On Campus

Should profs give points for showing up?

Pettigrew weighs in

Photo by Menno van der Horst on Flickr

With final exams on the way and final grades right behind them, students across the country are wondering where they stand. How much was that mid-term worth? Can I still hand it that essay?

Oh, and what about my attendance grade?

Anyone who’s taught a university course has struggled with the question of attendance grades. The arguments against giving marks for simply showing up are clear. University students are supposed to be adults, and it’s up to them to decide whether they want to be in class or not. Besides, grades should reflect the actual work done in the course: just being there doesn’t mean you’ve learned anything. And giving an attendance grade means taking attendance in each class, and that is boring and time consuming.

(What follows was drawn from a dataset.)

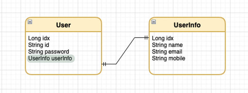 대상 테이블의 외래키에 **@JoinColumn(name = "user_idx", referencedColumnName = "idx")**으로 주 테이블의 참조할 키를 지정하고, 주 테이블에서 @OneToOne(mappedBy = "user") mappedBy = “”속성으로 연관 관계의 주인을 대상 테이블의 외래키로 지정하면 된다.
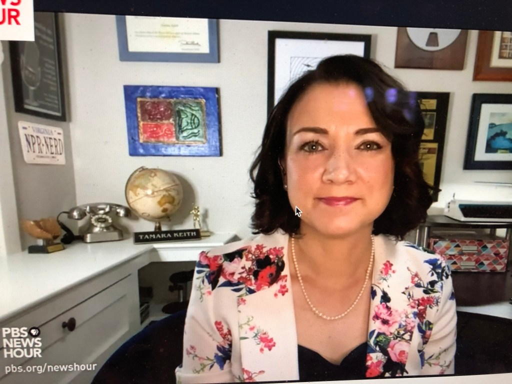 Alert reader Nancy implored me to take a gander at Tam’s showing this week. Wowee! She nailed it! Love the little sweetheart neckline (please someone tell me that’s not a bustier on PBS) and the floral jacket looks just right with that graduated pearl necklace. Way to go! Thanks, Nancy!

But the counterarguments suggest themselves immediately. Students want good grades, so an attendance component should lead to better attendance, which might not guarantee that they will learn anything that day, but certainly raises the odds compared to the alternative. Further, some classes have collaborative projects and assignments that can quickly get derailed when people don’t show up.  It’s hard for an acting class to do its scene from Waiting for Godot if they’ve spent the whole term waiting for Gary.

While some US schools have policies that require attendance grades, Canadians have generally been less zealous. At my university, in fact, academic policy requires that no student can fail a class based solely on attendance, and since no one is entirely sure what this policy means, many of us simply avoid giving attendance grades all together. But even in the absence of such a policy, is it really right to fail a student who passed all of her exams and assignments just because she wasn’t there enough?

One way around the issue is not to give attendance grades per se, but rather, participation grades. This can be tricky because it’s sometimes hard to define “participation.” Since many students are reluctant to speak in front of others, some professors consider coming to class itself, and silently paying attention, as a form of participation.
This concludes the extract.